A 130-year-old lesson about electric motors

When factories first swapped steam engines for electric motors, productivity barely moved. The economist Paul David showed why (David, 1990). The factories kept their old steam-era layouts, with everything crowded around one central power source, and they simply dropped an electric motor where the steam engine used to sit. Same floor plan, but with a new motor.

The real gains came years later, when firms redesigned the factory floor around what electric power could now do. Smaller motors meant you could put power exactly where you needed it and rearrange the line however the work demanded. That redesign, not the motor itself, was the thing that mattered.

Agentic AI is sitting at the early stage of that curve. Bolt it onto the old way of working and you get a faster version of what you already had. The bigger shift comes from rebuilding the work around what can now be delegated. In my own framework I call the bolt-on version Addition, and the rebuilt version Multiplication. The history says the second one is where the value lives, and it takes deliberate and persistent effort to get there.

The elephant in the room

The clearest data on all this comes from a recent OpenAI study of its own coding-and-work agent, Codex. OpenAI researchers, studying OpenAI's own product, using OpenAI's own staff as the headline example. It's worth reading with that firmly in mind, and the authors say so themselves: their own employees are not representative of a normal organisation. Internally there are no usage limits, nearly everyone is fluent with the tools, and the buy-in is total.

Of course the numbers look extreme.

So I'm not treating their frontier figures as a target, I'm treating them as a picture of what this looks like when every obstacle is taken away. And the structural lesson underneath, the electric-motor point, doesn't depend on OpenAI at all. It rests on decades of independent work on why new technologies take so long to pay off. The gains from a new technology tend to arrive later, because firms have to rebuild themselves around it before the payoff shows up.

As the work shifts toward delegation, the people who can frame a task well and judge whether it came back right get more valuable, not less (Tambe, 2026). And the delegation argument the OpenAI paper leans on traces back, in part, to a study from Anthropic, one of its own rivals (Hitzig et al., 2026). I find that quietly reassuring, when two competitors land on the same finding, it's usually because the finding is real.

The size of what people hand over is climbing fast

One number in the OpenAI study stands out. Among ordinary individual users, not OpenAI staff, the share handing the model a task that would take a person an hour or more climbed from 35.4% last December to 70.2% by May. The eight-hour version, a full working day of effort, went from 2.1% to 25.6% over the same six months. A quarter of users now delegating a day's work in one go, where six months earlier almost nobody did.

OpenAI: Distribution of users by peak task complexity

That's the shift in a couple of figures. The work people hand over is getting bigger, and quickly.

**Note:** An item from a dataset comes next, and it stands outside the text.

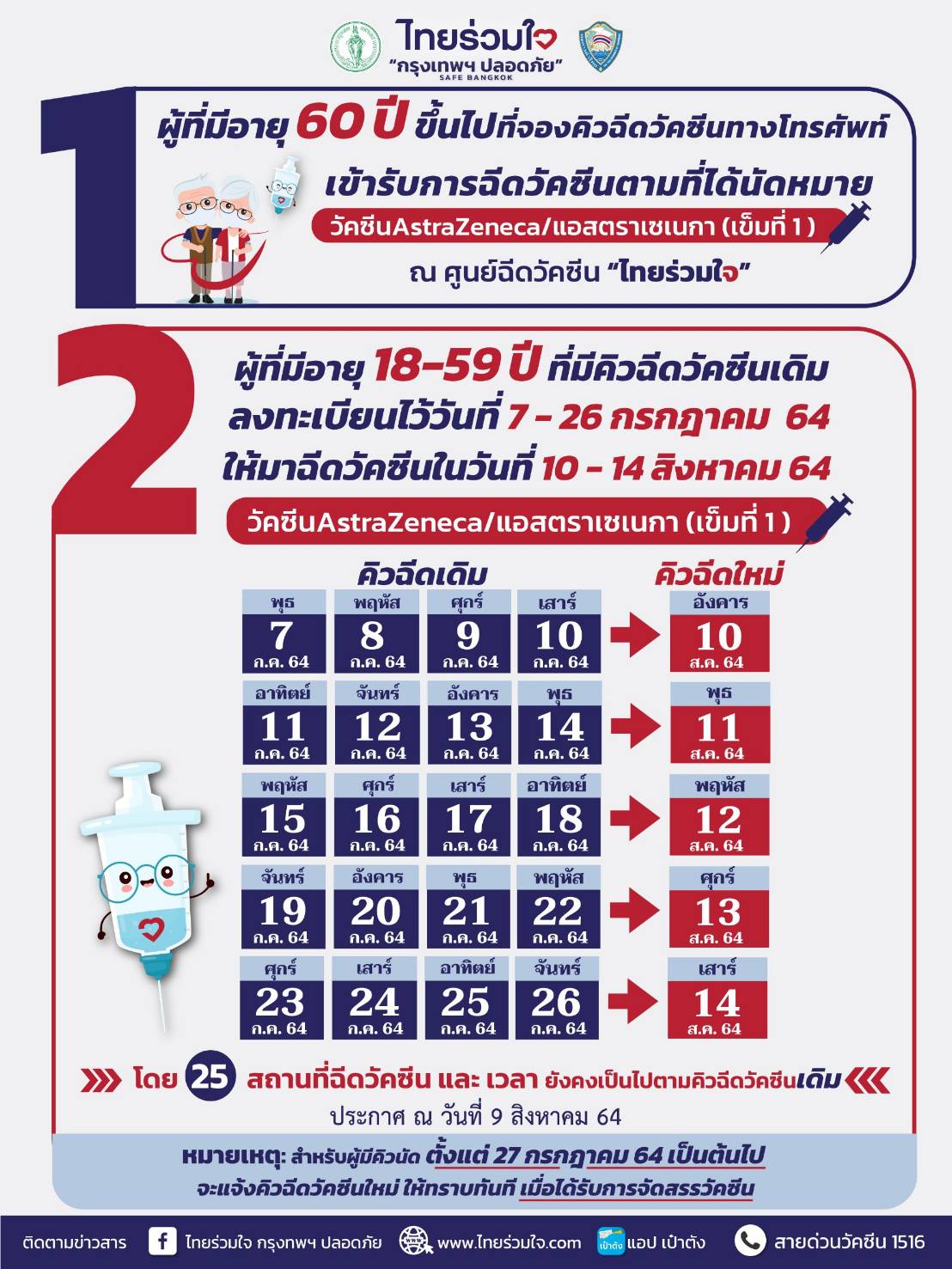วันที่ 9 สิงหาคม 2564 กรุงเทพมหานคร(กทม.) แจ้งผ่านเฟซบุ๊กว่า ไทยร่วมใจฯ แจ้งให้ผู้สูงอายุ 60 ปี ที่จองคิวฉีดวัคซีนทางโทรศัพท์ เข้ารับการฉีดวัคซีนตามที่ได้นัดหมาย พร้อมแจ้งคิวฉีดใหม่ ผู้ที่ถูกเลื่อนตั้งแต่ 7-26 ก.ค. 64 มาเป็น 10-14 ส.ค. 64

What actually happened in the non-technical teams

Here's the bit that I think matters most for someone who isn't a software engineer.

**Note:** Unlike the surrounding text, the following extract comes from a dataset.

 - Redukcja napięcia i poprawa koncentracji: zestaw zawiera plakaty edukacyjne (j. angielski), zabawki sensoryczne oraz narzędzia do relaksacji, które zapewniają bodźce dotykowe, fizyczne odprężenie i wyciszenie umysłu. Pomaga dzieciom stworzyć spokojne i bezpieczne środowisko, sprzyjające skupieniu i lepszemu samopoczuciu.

Inside OpenAI, the agentic tool started where you'd expect, with the developers. Then it spread outwards to other teams and the striking example is legal and recruiting.

In January those teams were close to zero usage. By early April they were around a fifth of their AI work on the agent, and within roughly a month that jumped to about three quarters. Not a slow creep but a monumental shift, once the conditions were right. By June, legal had reached 88% of its AI work on the agent and recruiting 89%, not far behind engineering at 99%.

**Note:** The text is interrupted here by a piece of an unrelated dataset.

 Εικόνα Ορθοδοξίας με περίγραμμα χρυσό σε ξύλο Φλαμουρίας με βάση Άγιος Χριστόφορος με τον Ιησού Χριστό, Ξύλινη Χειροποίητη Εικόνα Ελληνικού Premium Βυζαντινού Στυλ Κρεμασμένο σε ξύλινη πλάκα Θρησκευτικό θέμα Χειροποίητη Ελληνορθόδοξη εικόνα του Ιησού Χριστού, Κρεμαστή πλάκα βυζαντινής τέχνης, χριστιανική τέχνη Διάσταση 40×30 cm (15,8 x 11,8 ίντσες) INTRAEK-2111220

OpenAI: OpenAI workers share of output tokens, by job function

And what were they using it for? Mostly knowledge work, not code. Documents, reports, summaries, the written and structured outputs that fill a normal working week. For the finance and accounting people specifically, producing and working through knowledge artefacts was the single biggest category of use, at 29%, ahead of any kind of coding. Spreadsheets and reports, not software.

What pushed it along wasn't clever technology, by the authors' account. It was training sessions, regular feedback loops, access that didn't make people ration themselves, and a culture where people shared the shortcuts they'd found. Unglamorous but mostly a people-and-habits job rather than a tooling one.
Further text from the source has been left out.